What’s more is that the terms used in the sales ad influence the sales price. Beware terms like “fantastic,” “spacious,” “charming,” or “great neighborhood.” Or even an exclamation mark! Those five words correlated with a lower sales price. The ads for the agents own homes omitted those words or other vague adjectives, instead including descriptive words like “granite” and “move-in condition.”
- Discrimination–In the show, “The Weakest Link” the contestants who suffered the greatest discrimination and were the quickest to be eliminated were Hispanics and the elderly, disproportionately to their skills.
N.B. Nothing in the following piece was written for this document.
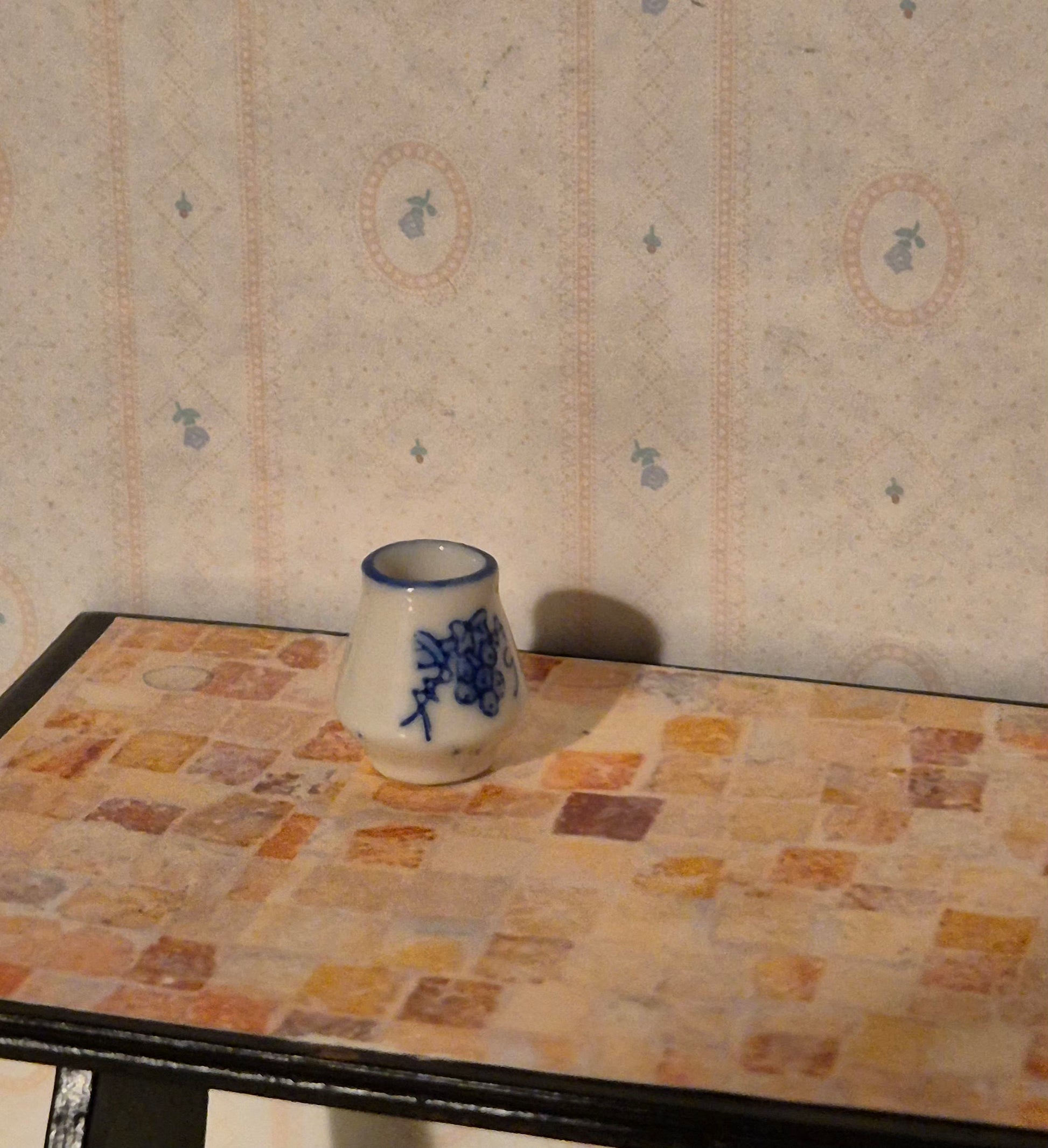 Pæn vase af porcelæn med blåt mønster. Den er ca 1,5 cm høj.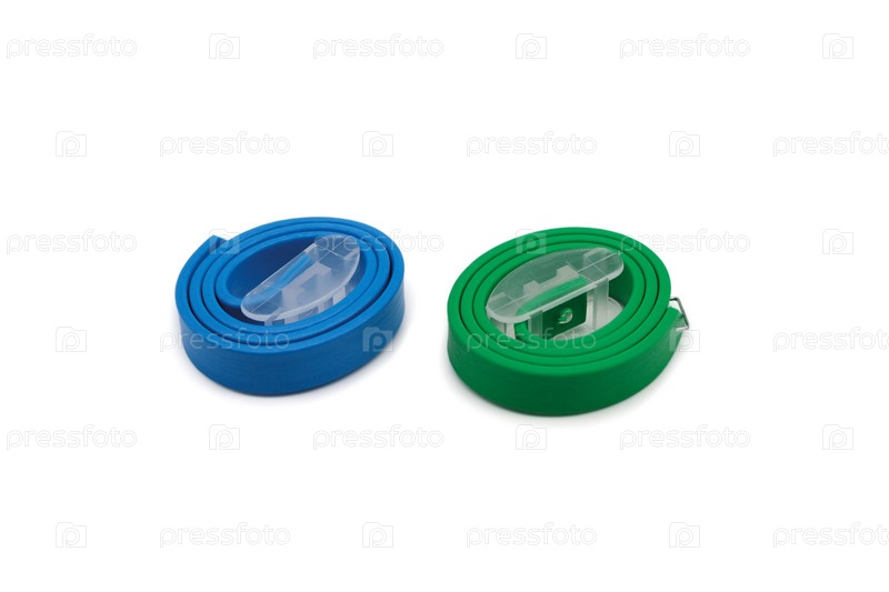 Ошейники от блох синего и зеленого цвета. Крупный план. Изолированные на белом фоне

The authors of Freakonomics answer more interesting questions about our society:
- Crime–What caused a precipitous drop in crime in the nineties? Was it the efforts of law enforcement, stiffer crime laws, efforts at reducing drug crimes? Actually, it was none of those!
- Parenting–How much does your parenting matter? Does it matter how much television your children watch? Whether mom stays home until kindergarten? Whether the child attended Head Start? Whether the children are read to or taken to museums? You will be surprised by what actually matters and what doesn’t and how little the actual truth matches the folk wisdom.
- Names–Does the name you give your child correlate with how well he’ll do in life and whether he will succeed? I’m sure you’ve heard of Baby Naming Consultants. Are they worth the money?
I’ll leave the rest of the book a mystery for you to discover.